»»
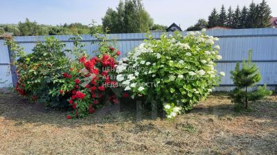 Огорожен со всех сторон. Отличный сад, с цветами и плодовыми деревьями.
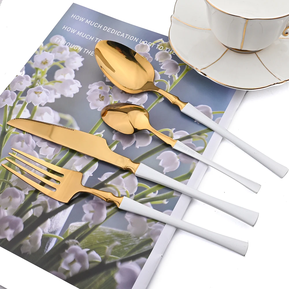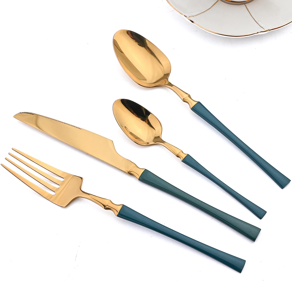 24 pezzi in acciaio inossidabile set di posate in oro coltello forchetta cucchiaio coltello da bistecca forchetta cucchiaio stoviglie retrò adatto per la cucina del ristorante
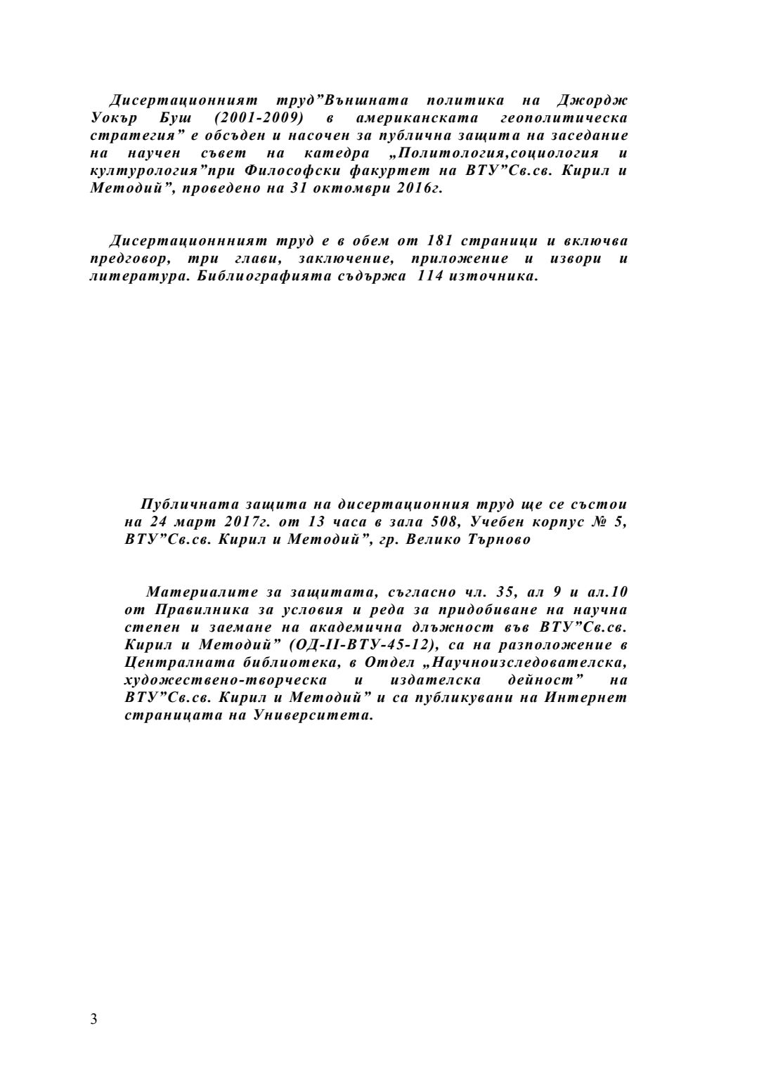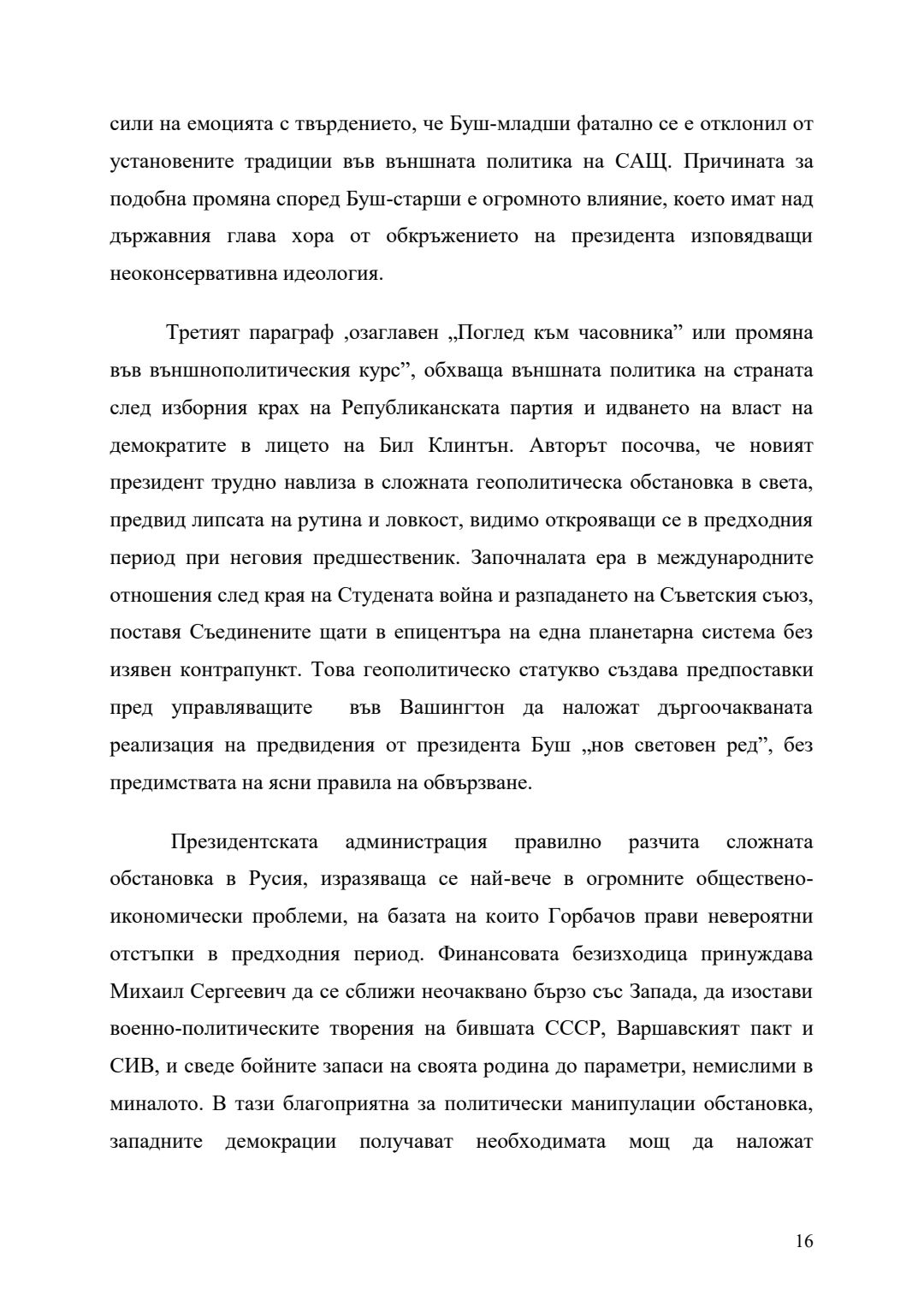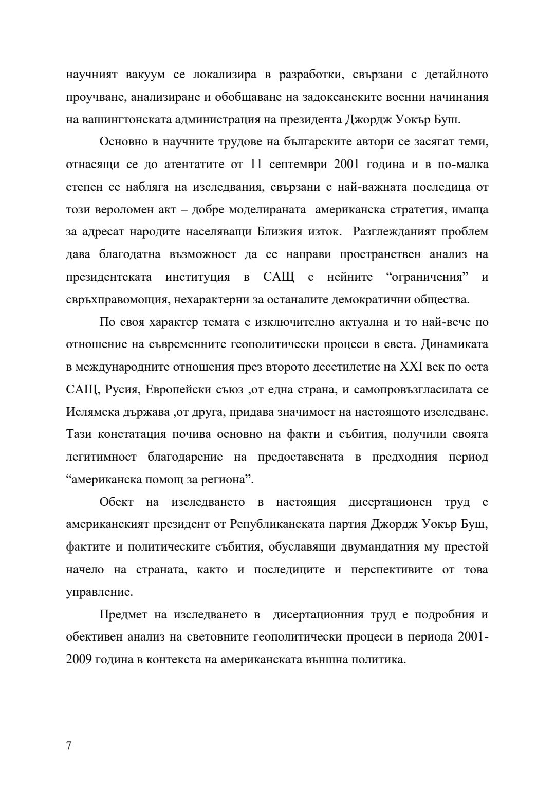 Външната политика на Джордж Уокър Буш (2001-2009) в американската геополитическа стратегия : Автореферат / Георги Йорданов Митев ; Науч. ръководител Ангелина Марковска
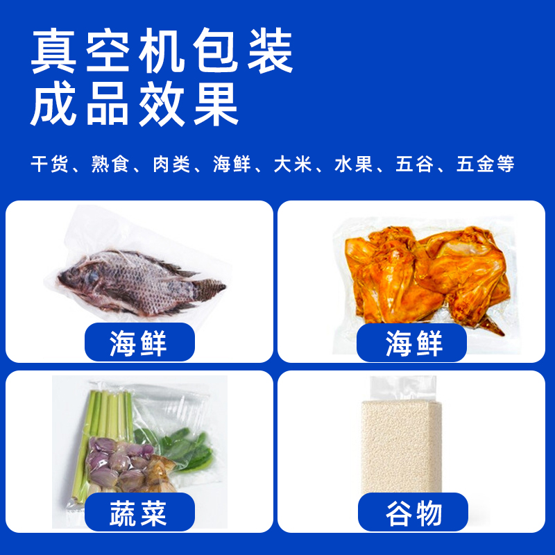 • 食品行業:常用于肉類、魚類、禽類、蔬菜、水果、糕點等食品的真空包裝,可延長食品的保質期,防止食品氧化、霉變和腐敗。例如,將新鮮的肉類真空包裝后,可在常溫下保存數天甚至數周,而在冷藏條件下,保質期可進一步延長。
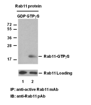 純化的 Rab11 蛋白 用GDP處理 (lane 1) 或 GTPγS (lane 2) 用抗活性的Rab11 進(jìn)行免疫沉淀(Cat. No. 26919).用 anti Rab11 rabbit polyclonal antibody(Cat. No. 21157). 做免疫印跡分析。
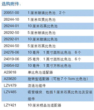 DR 5000 型紫外可見分光光度計有240 多個水質測試方法的應用程序(可測量參數請參考樣本中《哈希分光光度計及比色計測量參數列表》),該儀器可廣泛應用于工業、市政、環保、教育等領域的水質監測。使用哈希公司提供的粉枕、安瓿瓶、TNT測試管等不同包裝的預制試劑,可大大縮短樣品分析時間,同時提高了測試的準確性和實驗室分析人員的工作效率。DR 5000 型紫外可見分光光度計提供了適用于5種比色池的單比色池適配器、適用于多個比色池的旋轉型適配器,流通池模塊及吸管模塊,使分析方法更加靈活。
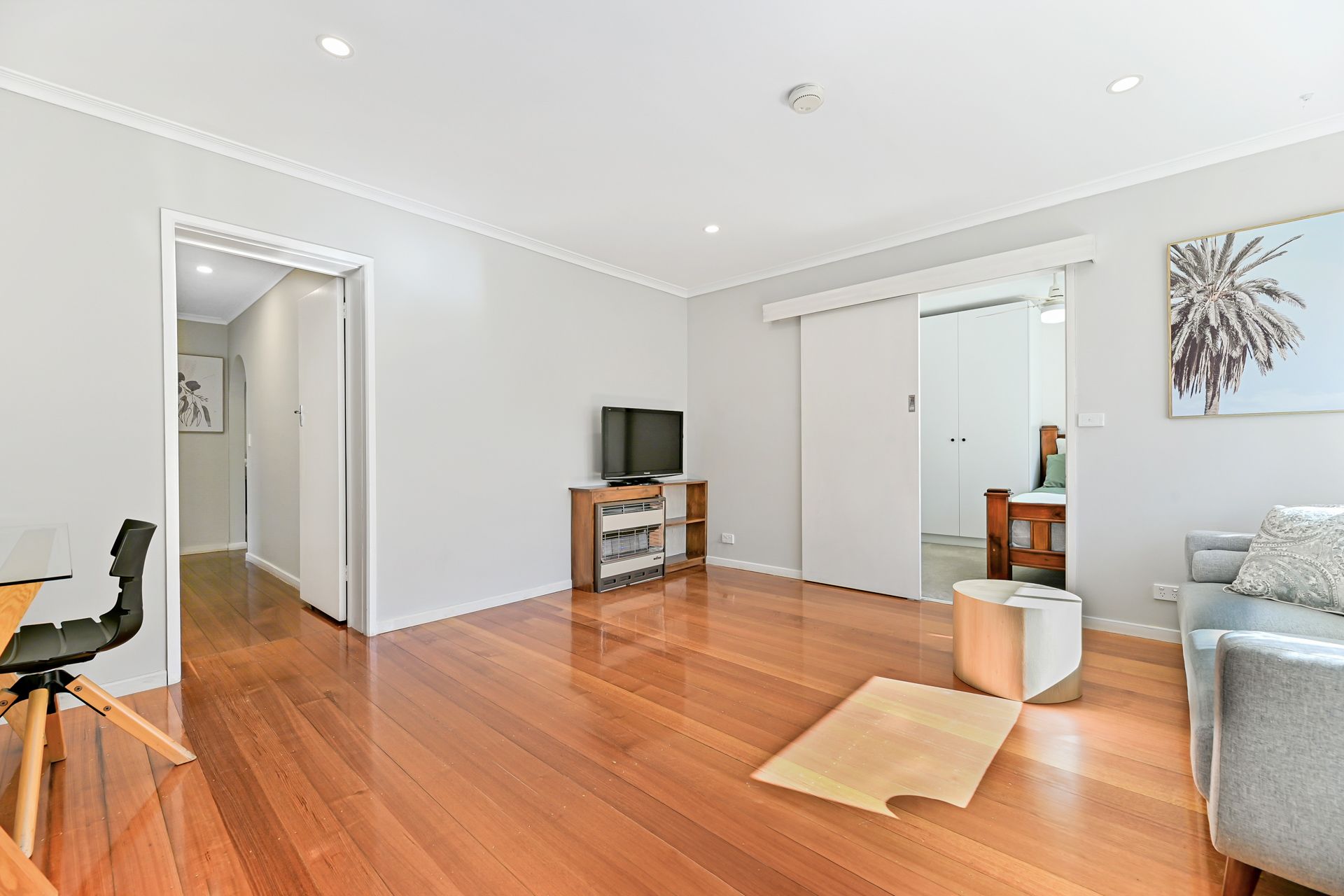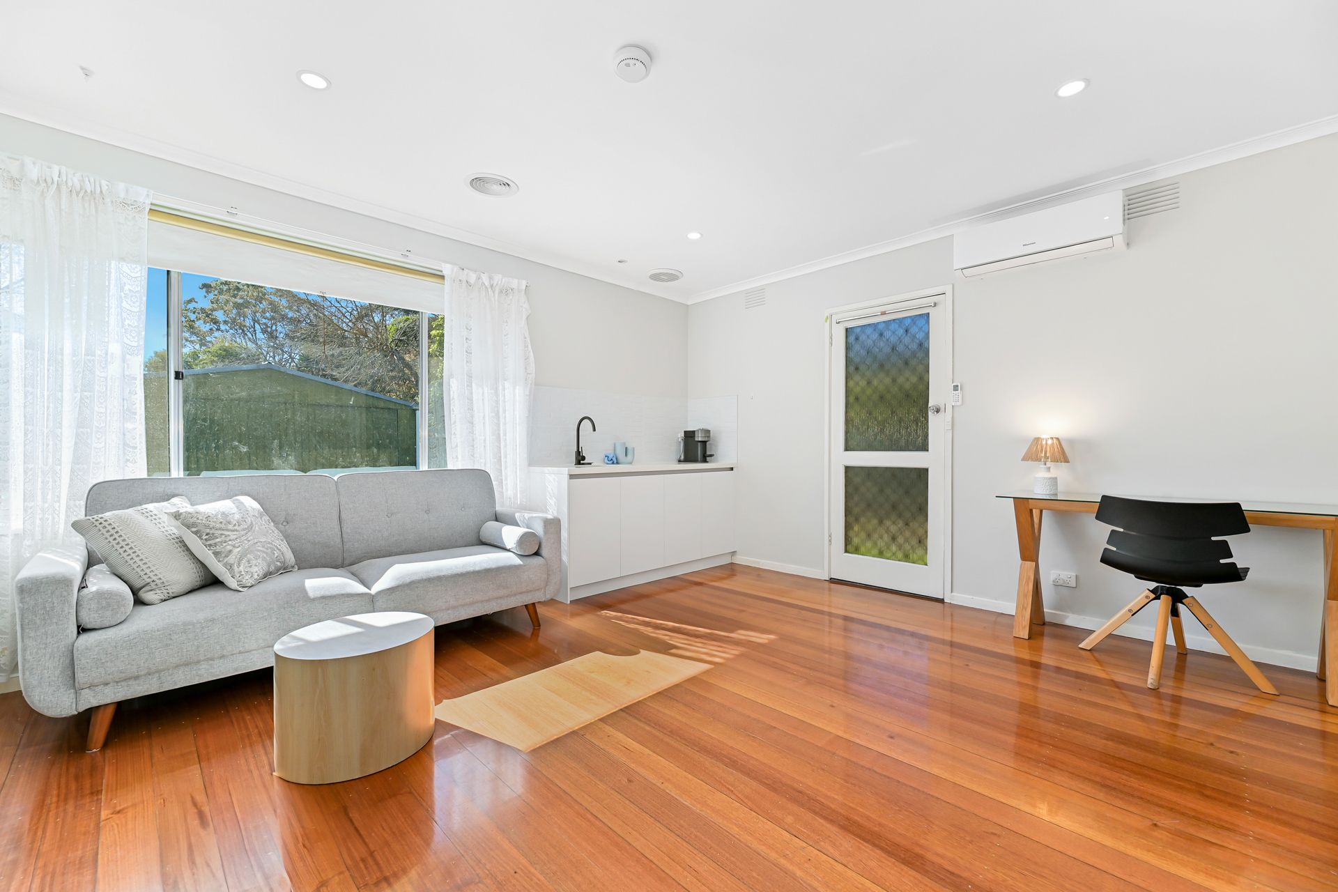 The spacious L-shaped lounge and dining area is bathed in natural light through tall windows, with ducted heating and air conditioning ensuring year-round comfort. A stylish kitchen and meals zone features gas cooking, a breakfast counter and ample storage, while three robed bedrooms are serviced by a sleek modern bathroom with spa bath, separate toilet and laundry.
««
* **Assigned task**:
Skip the pictures and write out exactly the lines from the line containing "純化的 Rab11 蛋白" through the end of the listing above.

* **Completed exercise**:
 純化的 Rab11 蛋白 用GDP處理 (lane 1) 或 GTPγS (lane 2) 用抗活性的Rab11 進(jìn)行免疫沉淀(Cat. No. 26919).用 anti Rab11 rabbit polyclonal antibody(Cat. No. 21157). 做免疫印跡分析。
 DR 5000 型紫外可見分光光度計有240 多個水質測試方法的應用程序(可測量參數請參考樣本中《哈希分光光度計及比色計測量參數列表》),該儀器可廣泛應用于工業、市政、環保、教育等領域的水質監測。使用哈希公司提供的粉枕、安瓿瓶、TNT測試管等不同包裝的預制試劑,可大大縮短樣品分析時間,同時提高了測試的準確性和實驗室分析人員的工作效率。DR 5000 型紫外可見分光光度計提供了適用于5種比色池的單比色池適配器、適用于多個比色池的旋轉型適配器,流通池模塊及吸管模塊,使分析方法更加靈活。
 The spacious L-shaped lounge and dining area is bathed in natural light through tall windows, with ducted heating and air conditioning ensuring year-round comfort. A stylish kitchen and meals zone features gas cooking, a breakfast counter and ample storage, while three robed bedrooms are serviced by a sleek modern bathroom with spa bath, separate toilet and laundry.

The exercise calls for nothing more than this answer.